"Twilight" Ruminations

Speaking as someone who read and enjoyed Stephenie Meyer's popular teen novel, Twilight, I found Catherine Hardwicke's film adaptation, that has been greeted with mass hysteria by teenage girls all over the country, to be somewhat lacking.

I've been an admirer of Hardwicke's work since Thirteen in 2003, and found quite a lot to like in her severely underrated Lords of Dogtown. But with her edgy sensibilities severely tempered in the dull The Nativity Story one of her biggest weaknesses started to become apparent - a weakness that Twilight has compounded. Hardwicke is a talented visual stylist, but in many ways a weak storyteller. There are some beautiful moments in Twilight, but they are often hampered by intrusive and inappropriate use of music and an overall lack of narrative movement. It just doesn't flow well. When you add that to the fact that many moments that seemed wondrous and magical on the page, seem hokey and contrived on the screen (Edward's supersonic running is especially laughable), then Twilight fails to live up to its full potential.
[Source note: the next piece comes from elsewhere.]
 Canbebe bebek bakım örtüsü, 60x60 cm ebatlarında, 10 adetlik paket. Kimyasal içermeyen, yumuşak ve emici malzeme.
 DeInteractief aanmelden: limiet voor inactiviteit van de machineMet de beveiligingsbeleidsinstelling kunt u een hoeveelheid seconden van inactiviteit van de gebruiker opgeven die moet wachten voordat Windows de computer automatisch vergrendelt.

Not that there was much to begin with. Quite honestly I feel it's a story better suited to the page than the screen, or at least to a director whose storytelling skills match their visual prowess.

Twilight never had a strong narrative to begin with. It's filled with long passages of breathless, enraptured descriptions of Edward's beauty and Bella's burgeoning love for him. Hardwicke attempts to up the ante and keep things moving by pulling the film's villains that don't appear until the end of the novel into a series of interludes that keeps a sense of danger over the film and a semblance of a plot that really doesn't exist.
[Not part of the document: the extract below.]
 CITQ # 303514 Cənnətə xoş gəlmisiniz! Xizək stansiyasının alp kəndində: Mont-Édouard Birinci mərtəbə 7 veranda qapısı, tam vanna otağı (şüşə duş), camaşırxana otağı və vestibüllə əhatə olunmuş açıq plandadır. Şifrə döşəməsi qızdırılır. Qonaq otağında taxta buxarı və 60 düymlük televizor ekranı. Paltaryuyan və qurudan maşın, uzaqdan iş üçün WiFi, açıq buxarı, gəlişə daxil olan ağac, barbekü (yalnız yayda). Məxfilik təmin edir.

It doesn't really add anything to the film but its a commendable effort. But ultimately I just didn't feel it the way I did in the book, the deep sense of longing just isn't there, nor, strangely, is the sense of danger despite the strengthened efforts in that area.

I'll tap out a full review for The Dispatch for Thursday. Until then I'm left with a film I never expected to be good, that nevertheless has not hampered my enjoyment of an entertaining little piece of teen pulp fiction. But for now, I'm ready to put Twilight aside for a while. It passed critical mass on my overexposure meter a long time ago.